Cet optimisme s'appuie également sur le fait que plusieurs frontières sont désormais stabilisées, que le pays est un pôle d'excellence dans l'agriculture et le high-tech, donc ancré dans le présent mais prêt pour l'avenir. Ajoutez à cela la volonté aujourd'hui bilatérale d'une majorité de la population de voir co-exister deux Etats indépendants et souverains, et tout devient plus bleu….

Alors donc, alors que la stabilité, la sécurité et la prospérité d'une grande partie du monde dépend aujourd'hui de la bonne volonté des habitants de ce bout de terre, soyons résolument optimiste et votons pour l'espoir!

Israël doit être une pépite rayonnante, apportant la prospérité et le bonheur alentour, plutôt qu'une bombe atomique semant le malheur et la désolation.

Les deux peuples ne pourront, ne peuvent ( parlons au présent), éviter de coopérer et se réconcilier. Si Allemands et Français l'ont réussi, pourquoi pas Palestiniens et Israéliens ?

Je sais, je suis un indéfectible optimiste, mais c'est ce qui fait ma force…

mardi 6 mai 2008

La Chine, ou l'empire de la démesure.

Décidément, la Chine a bel et bien remplacé désormais les Etats-Unis dans la démesure.

La maladie pied-main-bouche, bien connue chez nos jeunes patients, et traitée par un peu de paracétamol, est considérée comme bénigne par tous les médecins de France.

Sauf qu'en Chine, cela ne se passe pas ainsi: le nombre d'enfants chinois infectés récemment est estimé à près de 10 000 ce jour.

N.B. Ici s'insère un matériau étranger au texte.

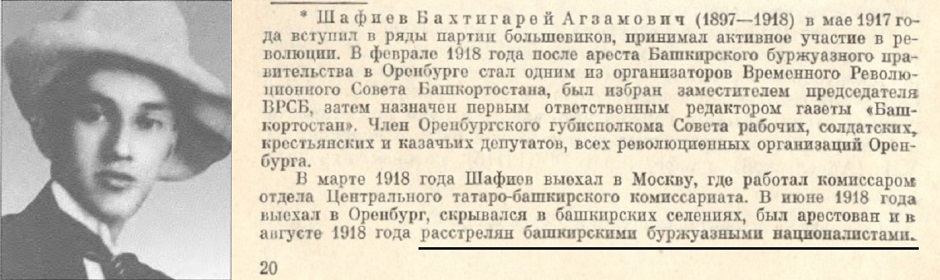 В 1918 году валидовцы казнили интернационалиста Бахтигарея Шафиева, в честь которого названа улица в Уфе. Сейчас же поклонники Валидова уверяют, что того убили русские белогвардейцы, а коммуниста Шафиева записали …националистом.
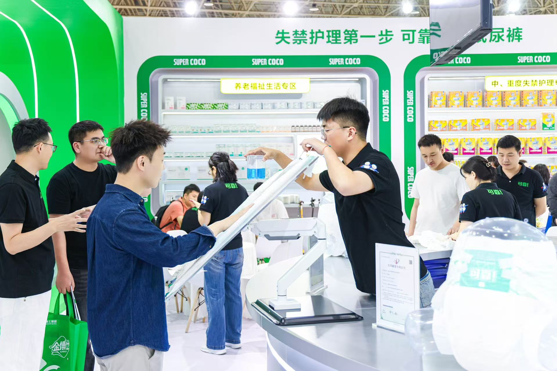 本次展品端核心分为四大专区:1. 中、重度失禁护理专区;2、轻失禁护理专区;3.养老福祉专区;4. 母婴专区,其中:
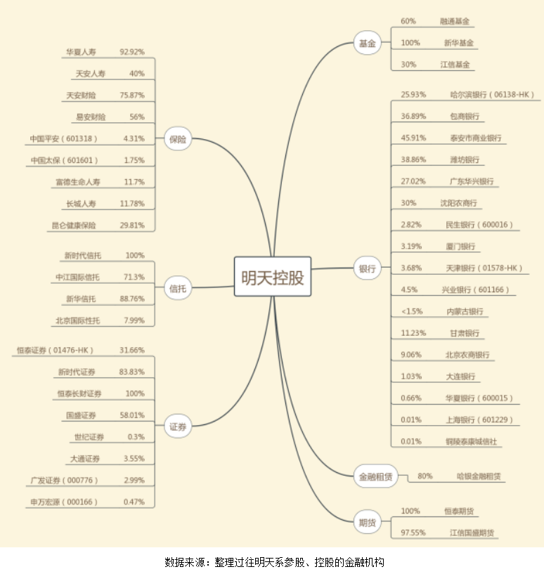 从一间城市银行开始,肖建华的明天系悄然倔起成一座金融帝国。盘子越铺越大,到2017年为止,旗下控参股有44家金融机构,包括哈尔滨银行、兴业银行、上海银行、天安人寿、生命人寿、新时代信托、广发证券等,涵盖证券、银行、保险、信托、期货、PE、基金等。
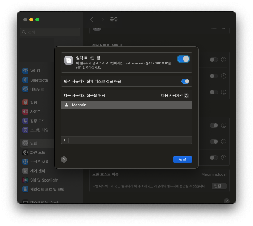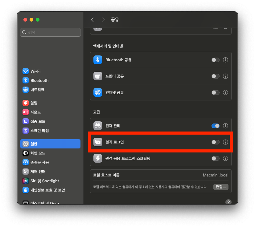 1. (맥미니) 원격로그인 설정설정 > 일반 > 공유에 들어가서 [원격 로그인]을 활성화 하자
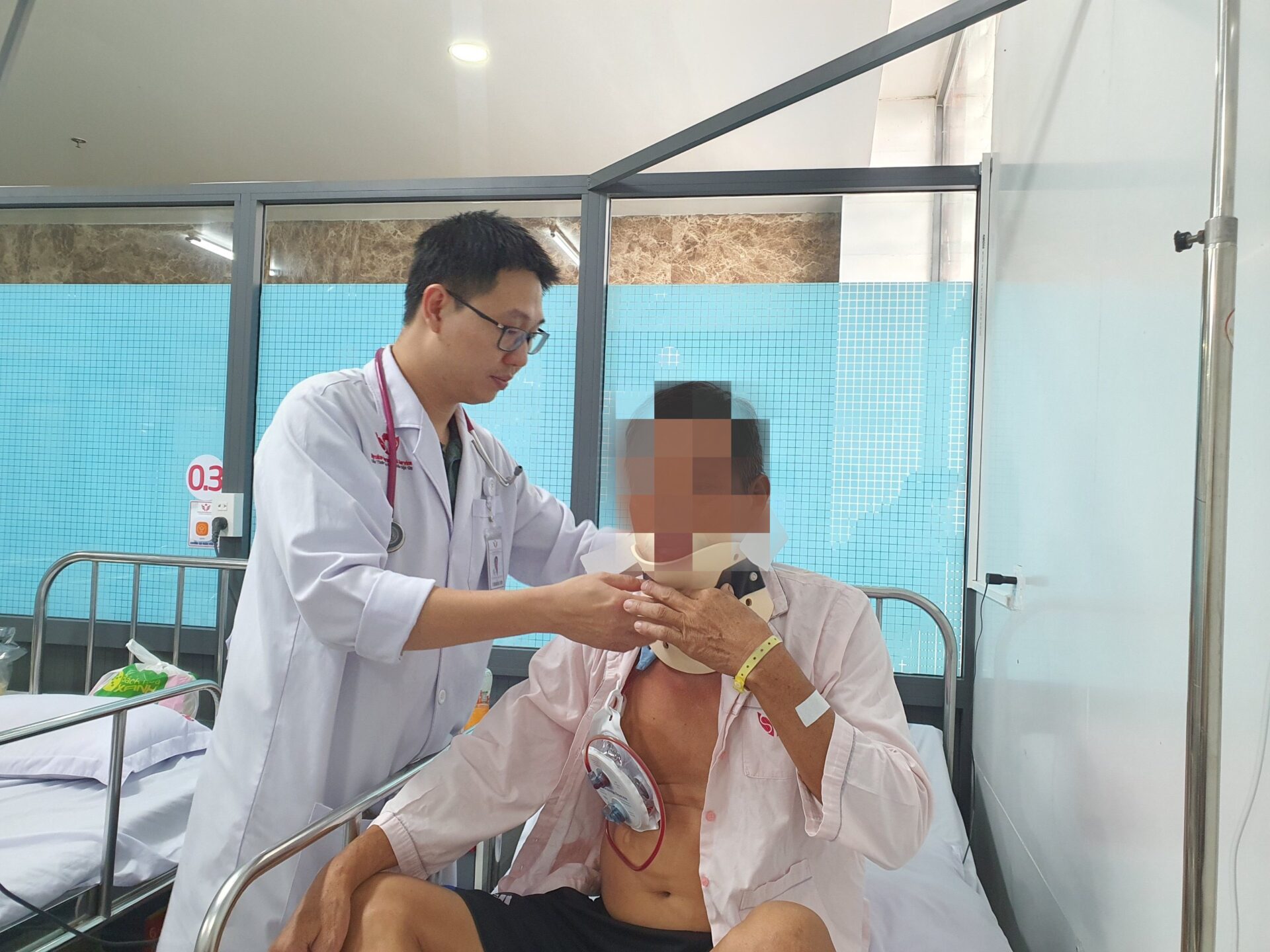 Bác sĩ cố định cột sống cổ cho bệnh nhân (Ảnh: BVCC)
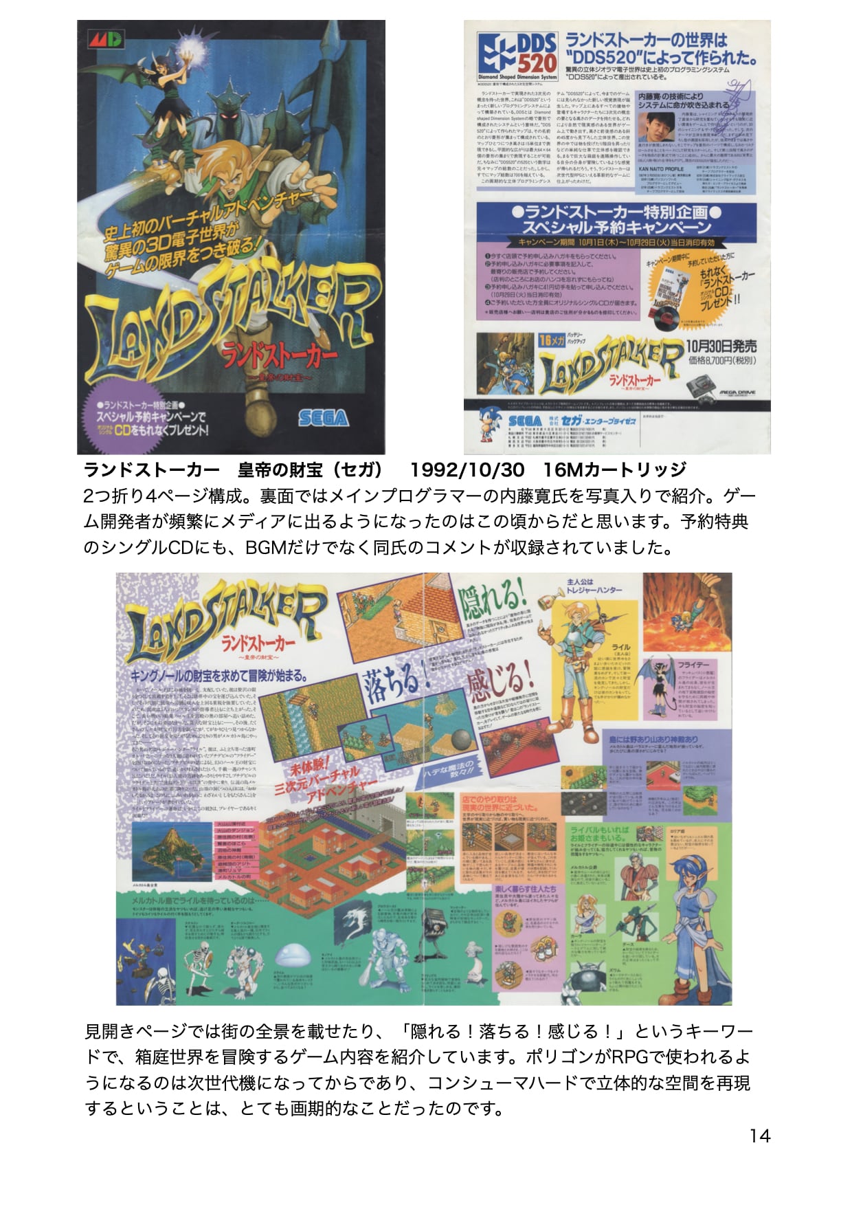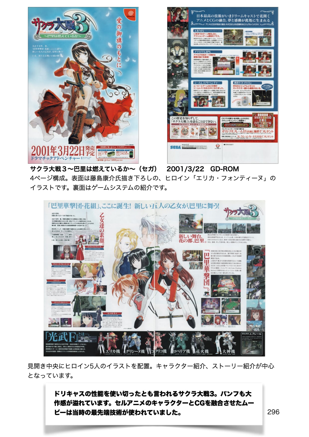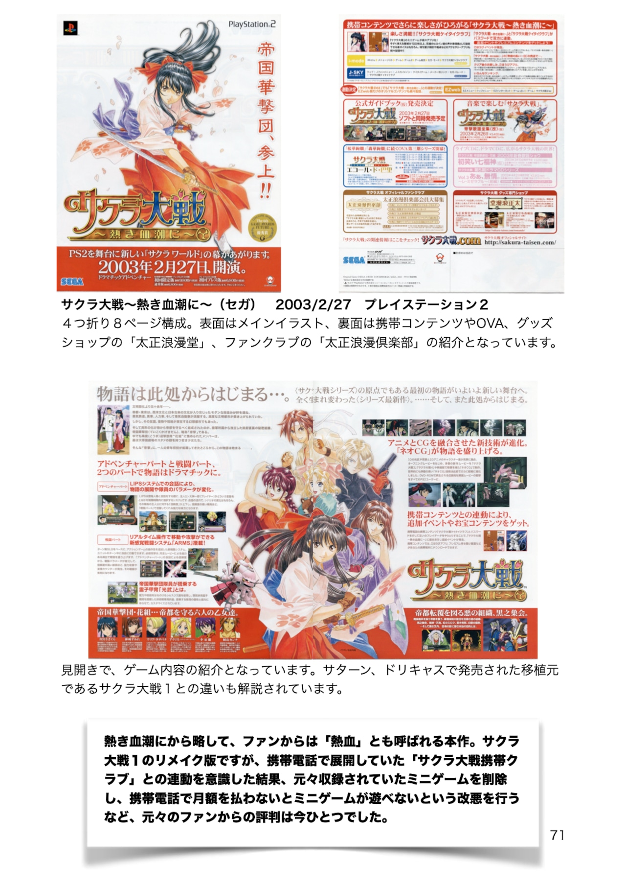 関連のパンフレットを解説、考察した同人誌です。USBメモリにて、メガドライブ、セガサターン、ドリームキャスト、そしてハード撤退後のパンフレットを収めています。全803ページにわたって、セガの歴史を彩った名作たちの魅力を存分に感じることができます。

Et, surtout, 24 enfants en sont morts…

Sur notre vieux continent, cette maladie est généralement due à un Coxsackievirus. Mais l'épidémie qui touche l'Empire du Milieu est due est due à un enterovirus, de type EV71.

L'épidémie a conduit le ministère de la santé chinois à déclarer une alerte nationale…

A l'approche des Jeux olympiques, serait-ce encore un coup des Tibétains ? Si même les non-violents se mettent à utiliser des armes bactériologiques, on est mal parti!